Matt turned his attention back to the garden and said nothing, but that didn’t deter Jane.
“That gal’s a natural with children. She’s never met one she didn’t adore. And they love her back, too. Even the problem ones like Tyrone come around after a while. You ask me, it’s a darned shame she and her husband didn’t have any of their own. A woman like that should have a houseful.”
Matt had to agree, but he merely shrugged and said, “There’s time. She’s still a young woman.”
“Huh. Fat lot of good that does. She hasn’t been out on a date with a man since Tom was killed, and she ain’t likely to go anytime soon. Where is she going to meet a man, stuck out here in the country with a passel of young’uns seven days a week, I’d like to know? She never takes a day off, though the good Lord knows, I nag her about it enough.” Jane glanced his way. “I was hoping when you showed up that something might happen between you two, but I can see now that you’re not suited.”

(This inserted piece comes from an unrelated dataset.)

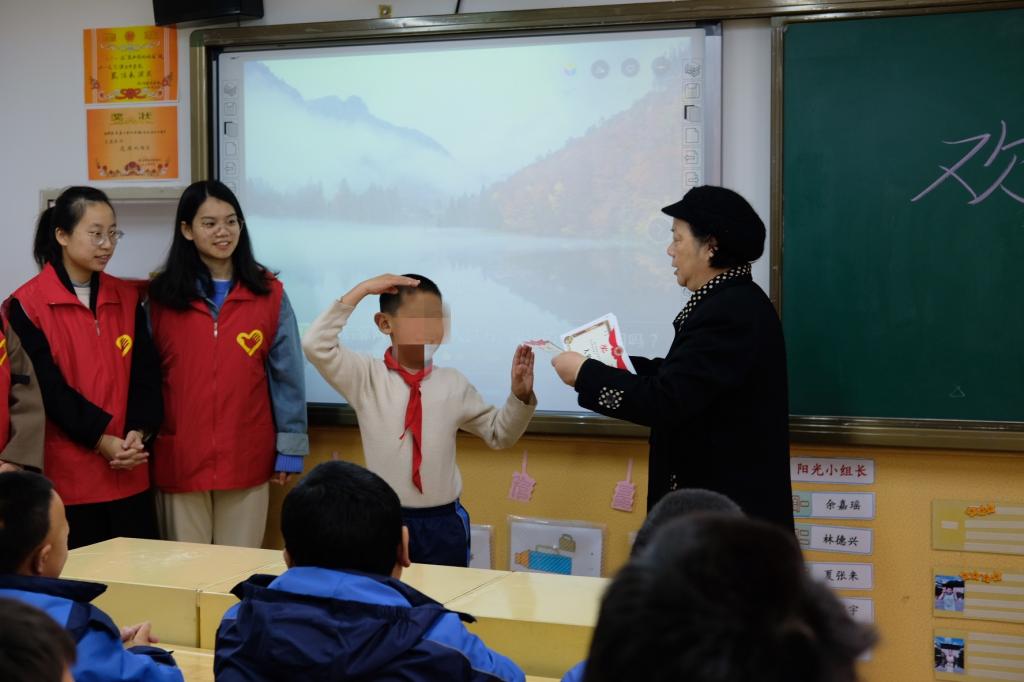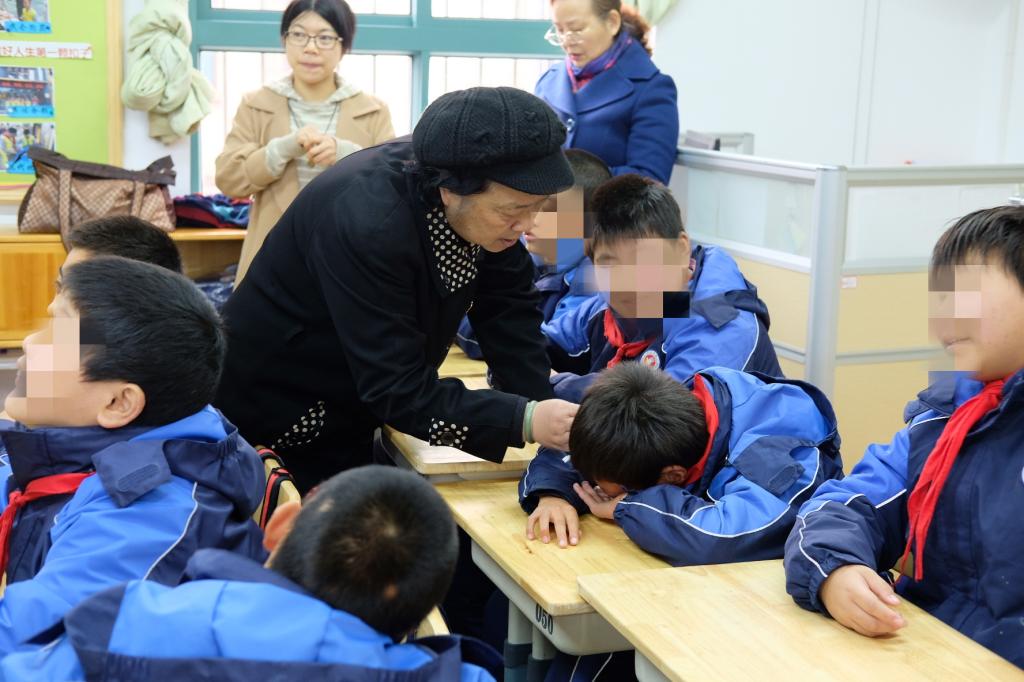 海葵班是人文学院、教师教育学院学生党支部与离退休第四党支部的结对班级,再次来到学校看望他们,孩子们都非常惊喜与热情,激动的上前来拥抱各位学生党员,一张张笑脸在寒风中绽放。在老师的鼓励下,孩子们鼓起勇气上台向大家做自我介绍后,师生党员们与孩子们共做游戏,齐唱儿歌,气氛活跃,教室里更是响起了一阵又一阵热烈的掌声,孩子们玩得特别开心,特别是当他们收到师生党员们精心挑选的围巾、零食大礼包等礼物时,更是手舞足蹈,礼貌地表示感谢。

Matt frowned. He agreed, but somehow, hearing it from Jane annoyed him. “Really? What makes you say that?”
“Well, it’s obvious, isn’t it? She’s a warm, loving woman who adores children. Pardon me for saying so, Detective, but you’re about the coldest, most unfeeling man I’ve yet to meet. You act as though the children don’t exist. Why, that poor little angel, Debbie, chatters away at you all the time, and you ignore her. If there’s an ounce of tenderness or love in you, I’ve yet to see it. No insult intended, but Maudie deserves better.
“Now then, I’d best be getting back to work. Those young’uns are going to be starving when they’re done in that garden. Here’s your lemonade.” She plunked down the tray on the wicker table beside the swing and went back inside.

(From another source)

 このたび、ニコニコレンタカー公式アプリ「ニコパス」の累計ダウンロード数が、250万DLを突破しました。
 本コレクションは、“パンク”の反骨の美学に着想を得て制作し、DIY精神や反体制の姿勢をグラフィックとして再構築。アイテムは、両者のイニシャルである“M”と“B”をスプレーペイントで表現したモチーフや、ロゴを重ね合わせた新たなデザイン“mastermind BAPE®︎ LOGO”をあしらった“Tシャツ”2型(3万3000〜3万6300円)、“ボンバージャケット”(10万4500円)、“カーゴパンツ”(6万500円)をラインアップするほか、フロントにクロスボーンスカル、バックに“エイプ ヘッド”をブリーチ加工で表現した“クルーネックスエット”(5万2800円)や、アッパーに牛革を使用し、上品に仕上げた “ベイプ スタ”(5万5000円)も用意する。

That was certainly plain talk, Matt thought, frowning after her. Oh, well, he did ask.
Matt turned his attention back to Maude Ann. It was funny—when she’d worked for the department, he would never have pegged her as a nurturer. He had assumed that all psychiatrists were cool, analytical people who stood a little apart from the rest of the world, observing, rather than participating. That was part of the reason he’d steered clear of her. That and the fact that he had always preferred chic blondes with a bit of an edge.

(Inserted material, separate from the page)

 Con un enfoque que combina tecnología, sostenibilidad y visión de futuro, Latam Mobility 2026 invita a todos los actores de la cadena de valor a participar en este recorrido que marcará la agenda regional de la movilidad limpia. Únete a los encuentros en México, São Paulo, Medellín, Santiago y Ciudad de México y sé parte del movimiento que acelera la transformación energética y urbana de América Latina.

Maude Ann, however, was neither cool and distant nor chic and sophisticated. She was totally natural and unaffected. She was a woman who went around barefoot in cutoff jeans and T-shirts without a speck of makeup. A woman who opened her arms to children with problems. A woman who was compassionate and loving and maternal, a natural born earth mother.
Her husky laugh rang out, and Matt saw her grab Debbie up and swing her around.
He’d seen her do that sort of thing constantly since his arrival. Daily, she gave each child an equal amount of attention and time, listening to their earnest chatter as though it was the most important thing she’d ever heard, laughing with them and giving them smiles and praise. He’d noticed, too, that she constantly touched the children, ruffling their hair, patting their cheeks or their shoulders, giving them hugs and kisses or squeezing their hands.
No doubt, that sort of thing was important to a child’s emotional well-being. The kids certainly seemed to eat it up.
What baffled Matt was, why the devil did those simple actions suddenly seem so damned sexy?